I’ve written about the pedestrian versus cyclist debate in Melbourne, even the Bike Woodstock-style after-party you receive once you’ve ridden 50km or more with a group of other cyclists. But these were foreseeable issues and events; it’s the appetite that seems to have caught me unprepared.

It starts off fairly innocuously. An apple ten minutes earlier than the time you normally get hungry, an extra biscuit. By the time you’ve been riding three or four days a week for a month straight, you’re clawing at the mini-food pantry supplies you have in your office drawer, praying you’ll just happen to find a sandwich in there. You might have forgotten about one you put in there a few weeks ago, but that’s not likely and even if it was, you’d pause for a few seconds before conceding defeat and actually eating it. Fortunately, it seems most of the recommended snacks for cyclists come in tins, which is also useful in case of unexpected nuclear strikes, as long as you can huddle under your desk and are happy living off baked beans.
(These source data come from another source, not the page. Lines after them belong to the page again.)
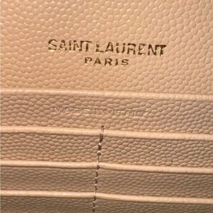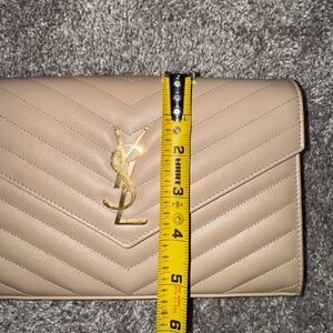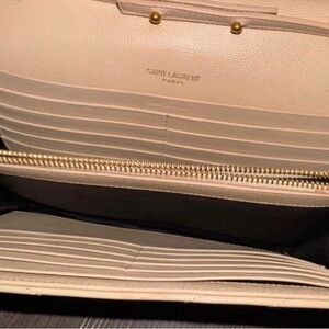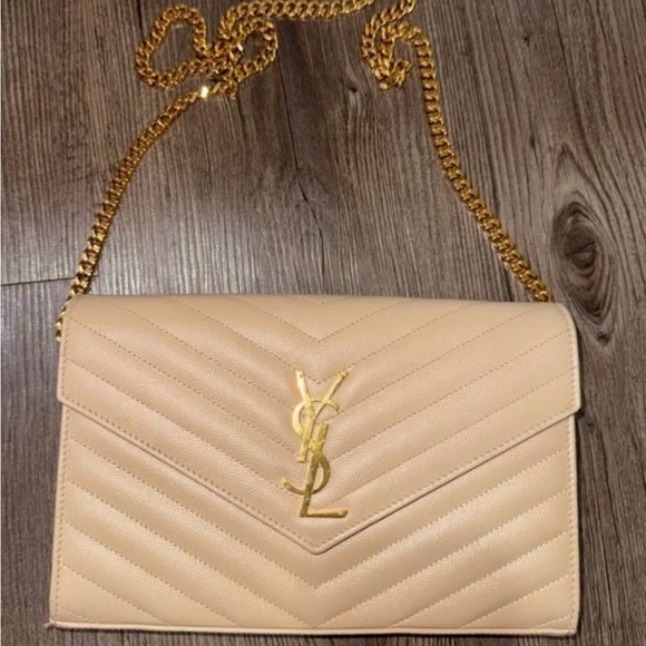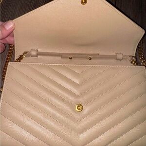 Chic authentic Yves Saint Laurent crossbody bag. Cream quilted leather with gold chain strap. Iconic YSL logo detail.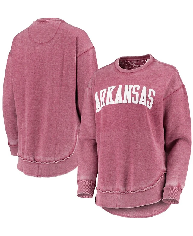 Women's Cardinal Arkansas Razorbacks Vintage-Like Wash Pullover Sweatshirt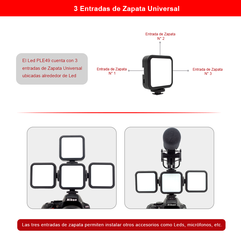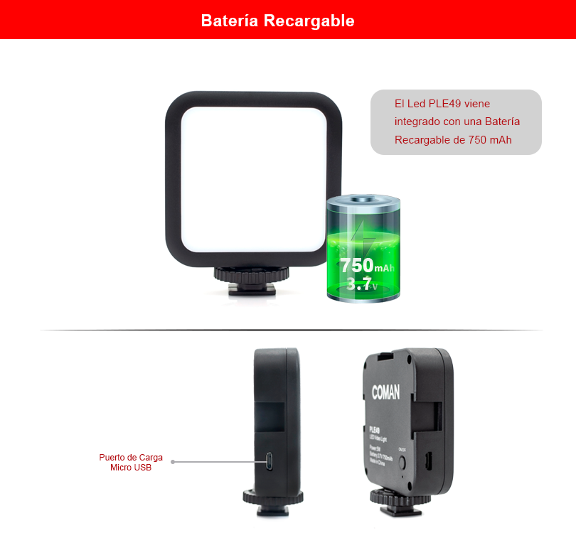 El kit incluye la luz LED Coman PLE49, equipada con 49 focos de luz fría para capturar grabaciones nítidas y claras. Esta luz LED ofrece la opción de ajustar la intensidad del brillo en tres niveles: 30%, 60% y 100%. Además, cuenta con una batería recargable que facilita su uso tanto en interiores como en exteriores. Con un CRI de 95, garantiza una calidad de iluminación superior en comparación con otras marcas. Además, esta luz LED tiene opciones de montaje universales, lo que permite usarla en diferentes soportes como parantes, trípodes o incluso encima de cámaras profesionales con zapata universal.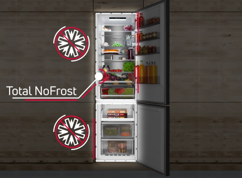 Вам подобається розморожувати холодильник? Якщо ні, то вам більше ніколи не доведеться! Технологія Total NoFrost постійно контролює рівень вологості як у холодильнику, так і в морозильній камері, а це означає відсутність інею всередині. А відсутність інею означає відсутність потреби в розморожуванні! Але NoFrost також означає кращу гігієну та довше збереження свіжості ваших продуктів, оскільки стабільна температура в усьому холодильнику мінімізує ризик росту бактерій. Вам не потрібно нічого робити, і ви економите гроші!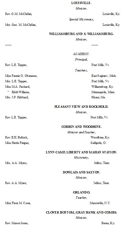 There is great interest in the work among the American Highlanders which the A.M.A. is pushing with such vigor. I spoke in a church near Boston recently, and, after the service, a young man, his eyes bright, his face flushed, hurried down the aisle and exclaimed, "I am a Kentuckian!" I had been telling some plain and rather painful truths concerning the people of Kentucky—the murders committed there; their lack of school privileges, etc. I thought this friend might question some of my statements, but I was delighted when he said: "I thank God that some one is ready to call attention to the terrible needs of my own State. I can't get people to believe me when I tell them of those needs. I was brought up on the edge of the mountains and know them well, and I do not believe there is any spot on earth more needy than that region of my own State." He accentuated his words by a generous gift to the Mountain Work of our Association.
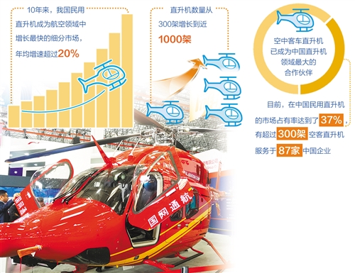 10年來,我國民用直升機成為航空領域中增長最快的細分市場,年均增速超過20%。直升機數量從300架增長到近1000架,服務於飛行培訓、空中游覽、醫療救護及傳統工農作業等多個領域。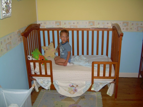 Earlier this week, Mommy called me at work to tell me about something that Eric had done.  Eric was running around the house, following Mommy as she did some household chores, laundry and such.  Mommy was in our bedroom, when Eric went into his own room.  Mommy soon heard Eric ask for help.  “Help” he said very calmly, but Mommy could tell that he really needed help, not just playing for attention.  So Mommy went into his room and found him half way over the side of his crib.  He needed help, because after climbing up, he was not sure how to get down.  He was too high to jump back down to the floor.  If he jumped into the crib, he would not be able to get back out.  He was experiencing a dilemma.  He was not panicked.  He had himself securely on top of the crib rail.  He simply did not know how to get down.  Mommy calmly walked over and helped him down, surprising herself that she did not panick.  She set Eric back on the floor and explained to him that he cannot climb on the crib.  It turns out, he wanted his star pillow out of the crib.  Of course after all this, when Mommy retrieved the star pillow, he promptly tossed it back into the crib and moved on to other toys.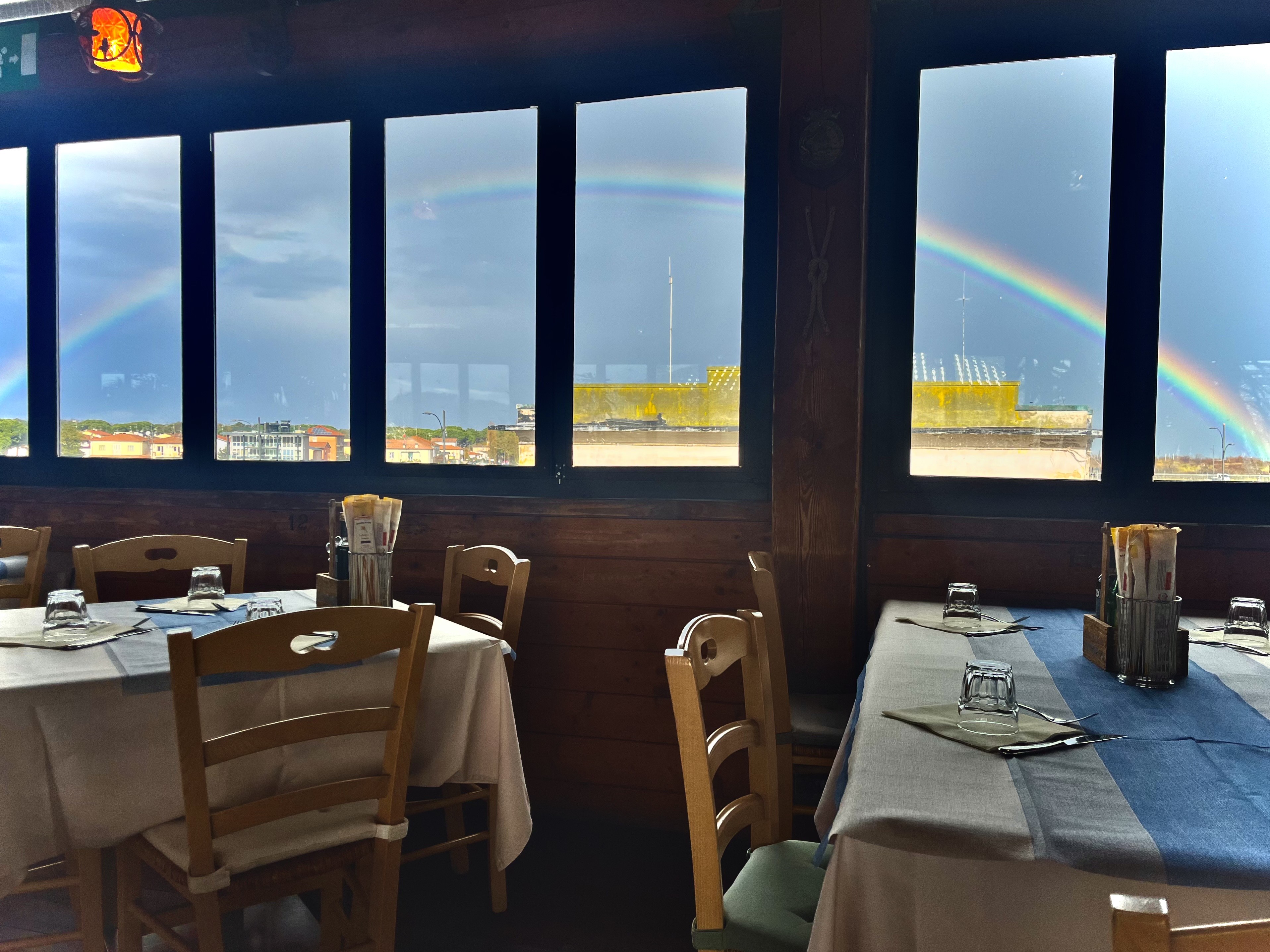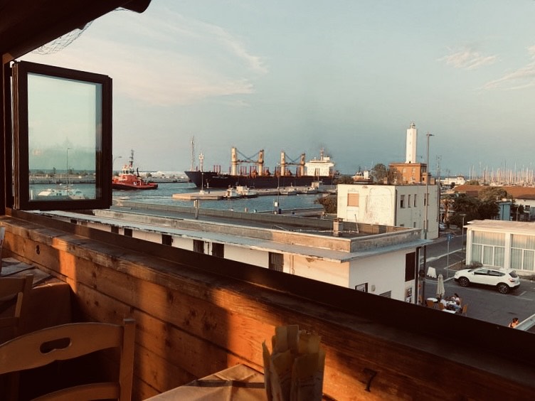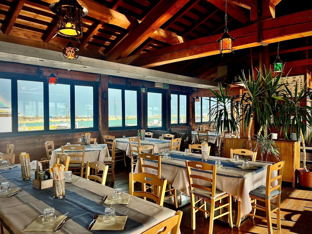 Ristorante pizzeria vista mare e porticciolo: unico nel suo genere, ha una terrazza al coperto con finestre completamente apribili nei tre lati.

Once the transition into regular riding has begun, a typical cycling day involves a ‘doubled-up’ menu: double breakfast, double lunch, double dinner. After such a rigorous snacking routine, a regular cyclist begins to proudly wear the mantle ‘thighs of steel’ and ‘helmet head’. It has benefits. For example, I can competently change a tyre, bike or otherwise, without calling the RACV. I can get places without pressing an accelerator button or beeping at a Camry driving half the speed of everyone else. But a major drawback to cycling comes with the mounting costs of ever-larger packets of muesli, the need to have an orange tree growing in my cupboard and the necessity of stocking disgusting protein powder, one of the few things that will stave off the hunger pangs for a few hours.

Protein powder aside, an excuse to eat regularly is a blessing for those who love food. So get on your bike and bring me a sandwich already!